A group of clients from a psychiatric unit are going to a professional baseball game accompanied by staff members. What is the purpose of visits into the community under the supervision of staff members? 1. They help clients adjust to stressors in the community. 2. They help clients return to reality under controlled conditions. 3. They broaden the clients' experiences by providing exposure to cultural activities. 4. The staff members can observe the clients' abilities to cope with a more complex society.

4 Rationale: The staff members' observations can help identify those clients who are ready to cope with outside stress and those who are not. Attendance at a ball game will not help clients adjust to community stressors or return to reality under controlled conditions. There is nothing to indicate that any of these clients needed to broaden their cultural experiences.

A nurse is caring for a client with the diagnosis of schizophrenia. During assessment the nurse identifies both positive (type I) and negative (type II) signs and symptoms. Which clinical findings should the nurse document as positive? Select all that apply. 1. Anergy 2. Flat affect 3. Social withdrawal 4. Disorganized thoughts 5. Auditory hallucinations

4, 5 Rationale: Disorganized thoughts (e.g., derailment, tangentiality, illogicality, incoherence, and circumstantiality) are a positive sign of schizophrenia. Positive signs and symptoms, referred to as "florid psychotic symptoms," are related to alterations in thinking, speech, perception, and behavior. They usually respond to antipsychotic medications. Positive symptoms reflect an excess or distortion of function and include delusions, hallucinations, increased speech production with associations, and bizarre behavior. A lack of energy (anergy) is a negative symptom associated with schizophrenia. Negative symptoms reflect a lessening or loss of normal function. A lack of emotional expression (flat affect) is a negative sign associated with schizophrenia. Inadequate social skills leading to withdrawal and isolation are negative symptoms associated with schizophrenia.

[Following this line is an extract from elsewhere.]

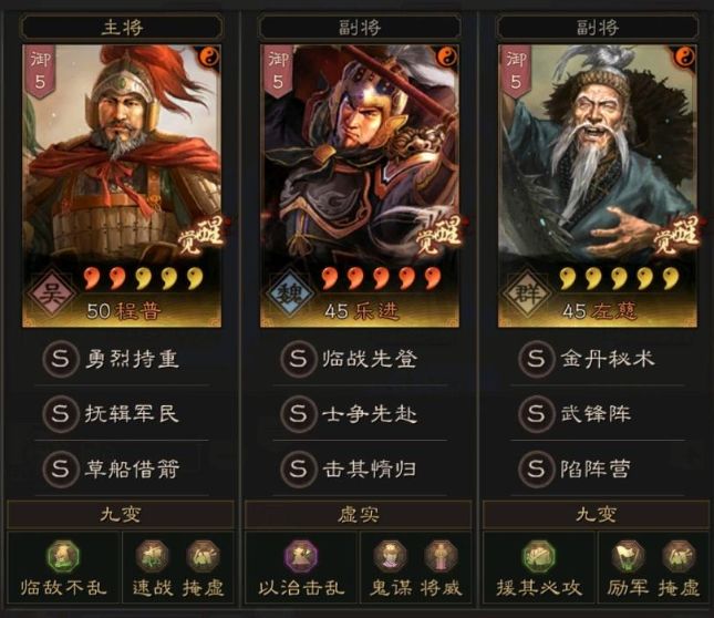 总结:玩这套阵容的话,主要还是给一些凑不齐主流强势阵容的兄弟们,因为很多玩家即便到了PK赛季,也可能出现厉害的国家队缺将,导致组不起来的问题,甚至真正红的就甘太程这个队伍,可打架强度也不够给力,其他武将也以白板居多!如果是肝帝玩家或者时间较多的玩家,那么陷阵营换藤甲兵拿来吃菜刀也是没问题的,即便是脸黑真的碰到了点火队伍,有草船借箭+临敌不乱+程普自带的概率控制,也不是完全没有赢的可能!这个队伍的优势之一在于前期就可以做到15御出门开荒,然后不用考虑转型问题,既能打地也能打架,快速发育成型,然后出第二队!

Which feelings should a nurse anticipate a client with bulimia nervosa to report experiencing during the time following an episode of binge eating? Select all that apply. 1. Happiness 2. Sleepiness 3. Loneliness 4. Hopelessness 5. Powerlessness

4, 5 Rationale: When clients feel powerless and helpless, they often lose hope. They feel desperate, despondent, and dejected. Clients with bulimia nervosa have a sense of being out of control that accompanies the excessive or compulsive consumption of large amounts of food, resulting in feelings of powerlessness, helplessness, and hopelessness. They tend to feel depressed rather than happy. Sleepiness is not experienced during an episode following binge eating; however, severe electrolyte imbalances caused by binge eating may result in weakness and fatigue. Although people with bulimia nervosa tend to binge alone and in secret, loneliness is not the primary feeling experienced during binge eating.